» **THE TASK**
Leave out the pictures, and retype only the lines from the beginning of the material through the line that contains "The document discusses", including both.

:: SOURCE RECORDS

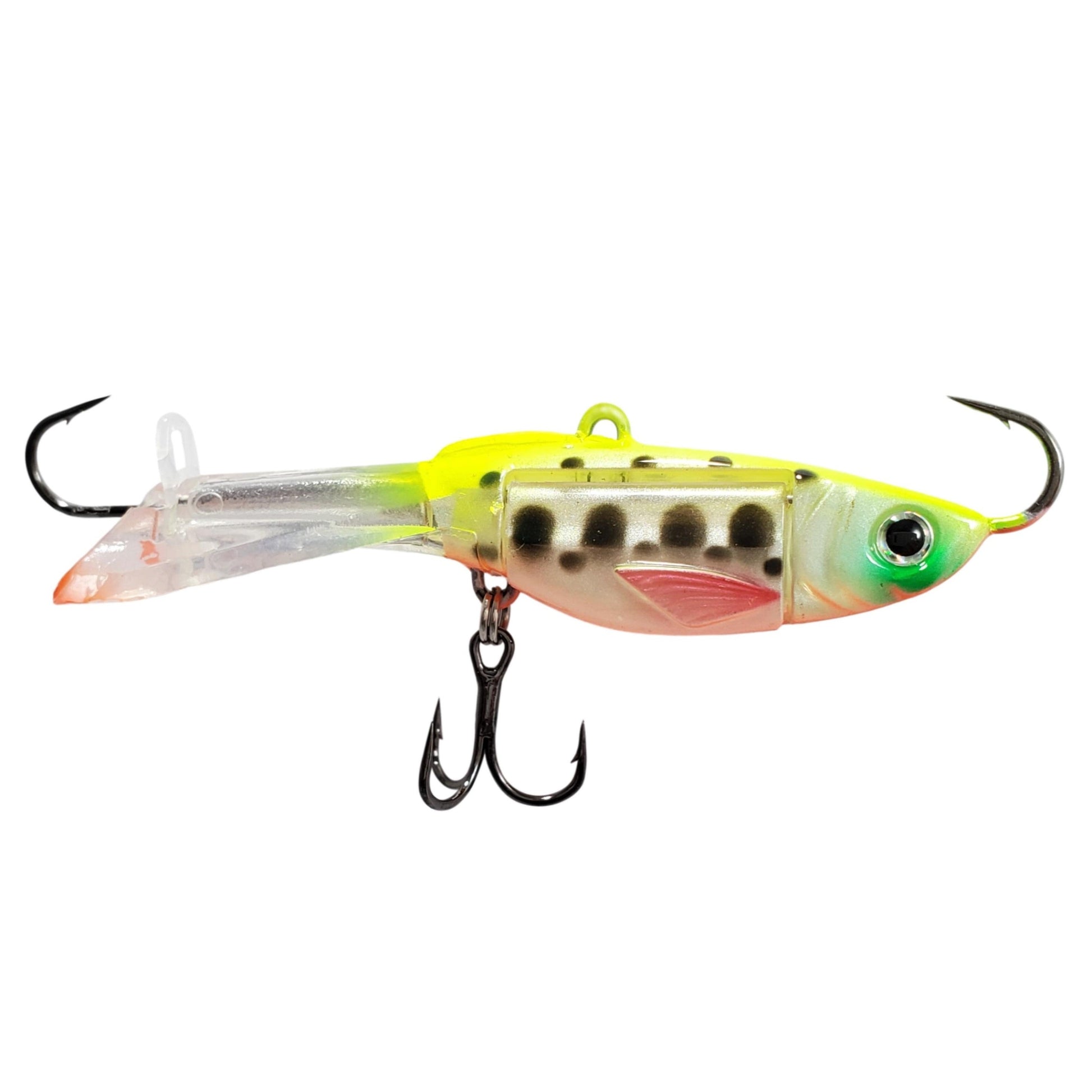The Acme Tackle 2" Hyper-Glide features an injected plastic minnow body with wings that resemble real fish fins. The wings open each time the bait falls and as they open, the bait glides like it's swimming. It can be fished vertically in open water and is perfect for ice fishing. It can also be shaken vertically to make the wings open and close quickly. It can be cast in open water to cover an extreme area as your bring it back to the boat.
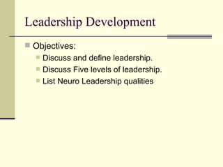 The document discusses leadership development and defines leadership. It outlines five levels of leadership and lists qualities of neuroleadership. The five levels are: position/rights, permission/relationship, production/results, people development/reproduction, and personhood/respect. The document also discusses developing attitudes, problem solving approaches, developing people skills as a leader, and creating a vision for a leadership team.
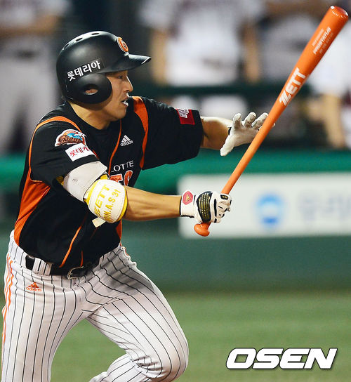 10일 오후 목동구장에서 열린 2013 한국야쿠르트 세븐프로야구 넥센 히어로즈와 롯데 자이언츠 경기, 7회초 2사 주자 만루 롯데 손아섭이 중견수 앞 1타점 적시타를 날리고 있다.
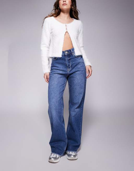 Sixth June relaxed low waist denim jeans with frayed hem in blue
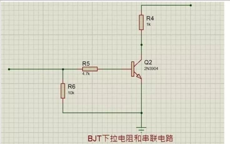 在BJT晶體三極管的基極端,上拉電阻和下拉電阻也起著至關重要的作用。在三極管的電路應用中,串接在基極上的電阻起限制基級電流的作用,如下圖中的R2所示,
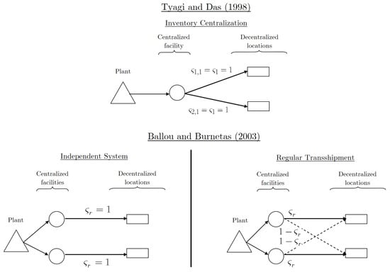 A centralized inventory is given when all decentralized locations are served by a single centralized location, while a regular transshipment (RT) occurs when all decentralized locations are served by all centralized locations. This approach can significantly reduce demand variability at individual points and often lead to cost savings compared to an IS [,,].
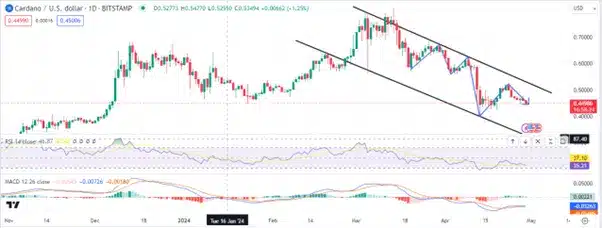 A definitive ascendance beyond this threshold could ignite a surge, propelling ADA towards $0.5250 and conceivably even $0.5650 if the current sentiment is favorable.
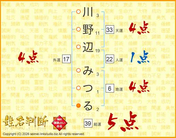 川野辺みつるさんの天運は33画の4点!
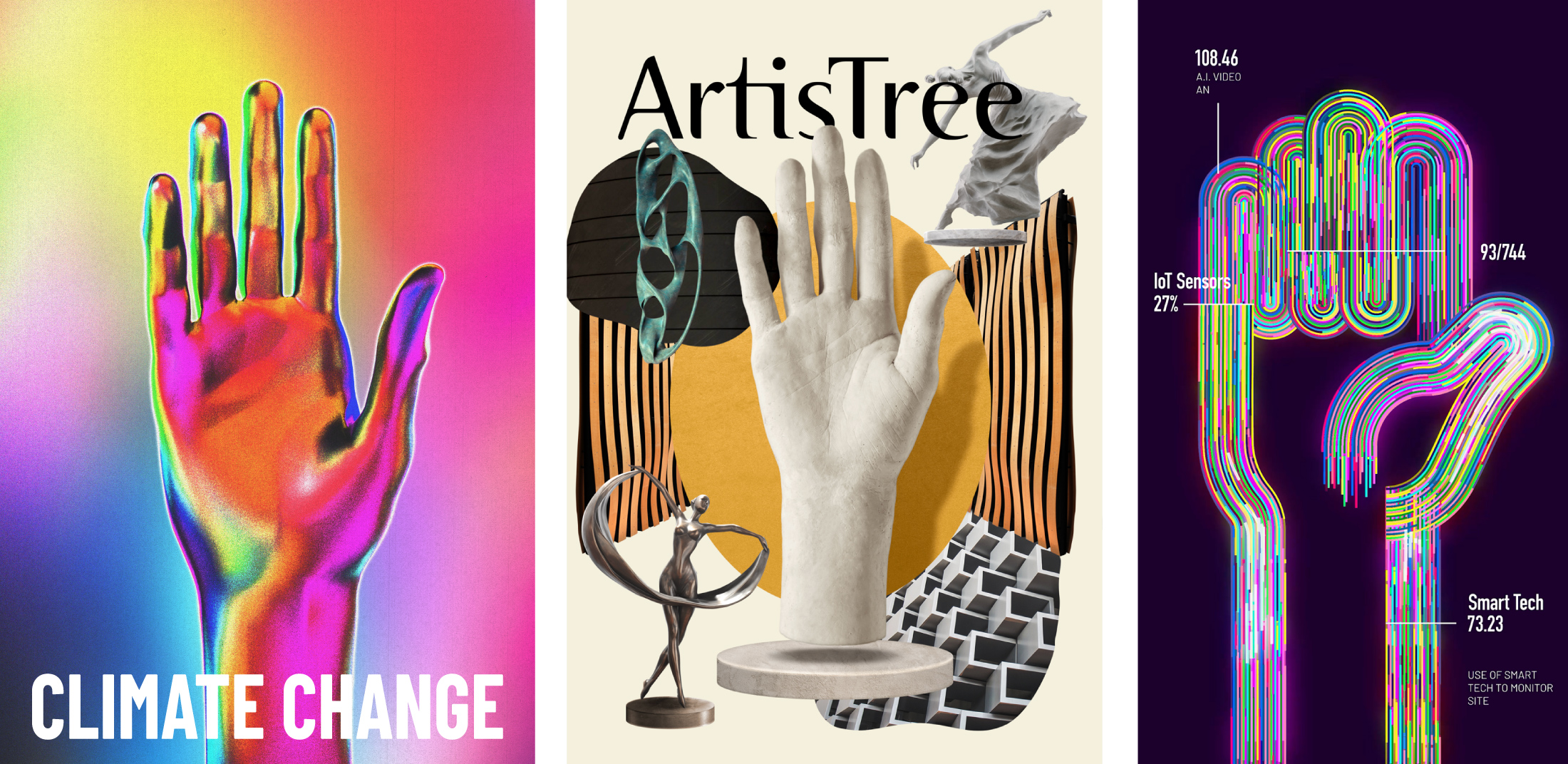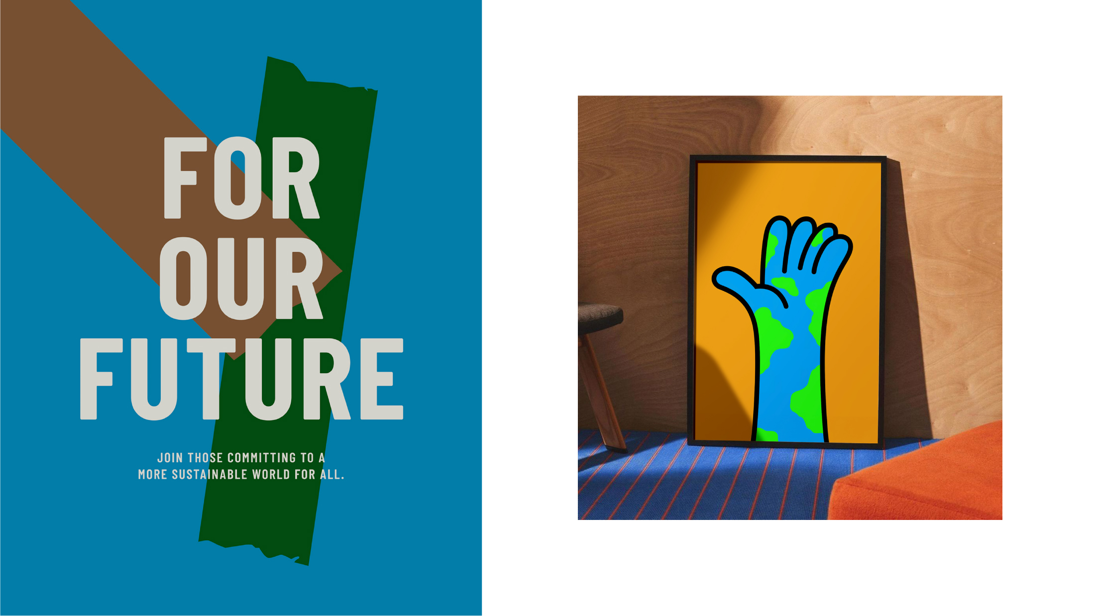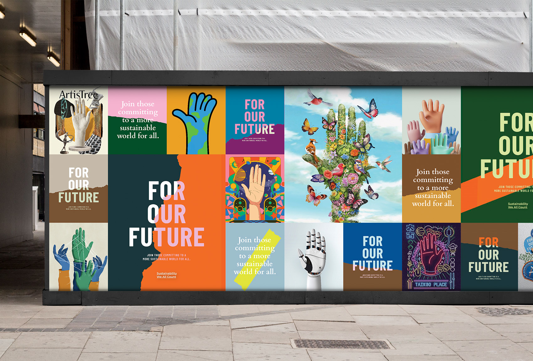Create a tapestry of hands each representing a firm commitment FOR OUR FUTURE, a sustainability campaign.

::::

» **WRITTEN REPLY**
The Acme Tackle 2" Hyper-Glide features an injected plastic minnow body with wings that resemble real fish fins. The wings open each time the bait falls and as they open, the bait glides like it's swimming. It can be fished vertically in open water and is perfect for ice fishing. It can also be shaken vertically to make the wings open and close quickly. It can be cast in open water to cover an extreme area as your bring it back to the boat.
 The document discusses leadership development and defines leadership. It outlines five levels of leadership and lists qualities of neuroleadership. The five levels are: position/rights, permission/relationship, production/results, people development/reproduction, and personhood/respect. The document also discusses developing attitudes, problem solving approaches, developing people skills as a leader, and creating a vision for a leadership team.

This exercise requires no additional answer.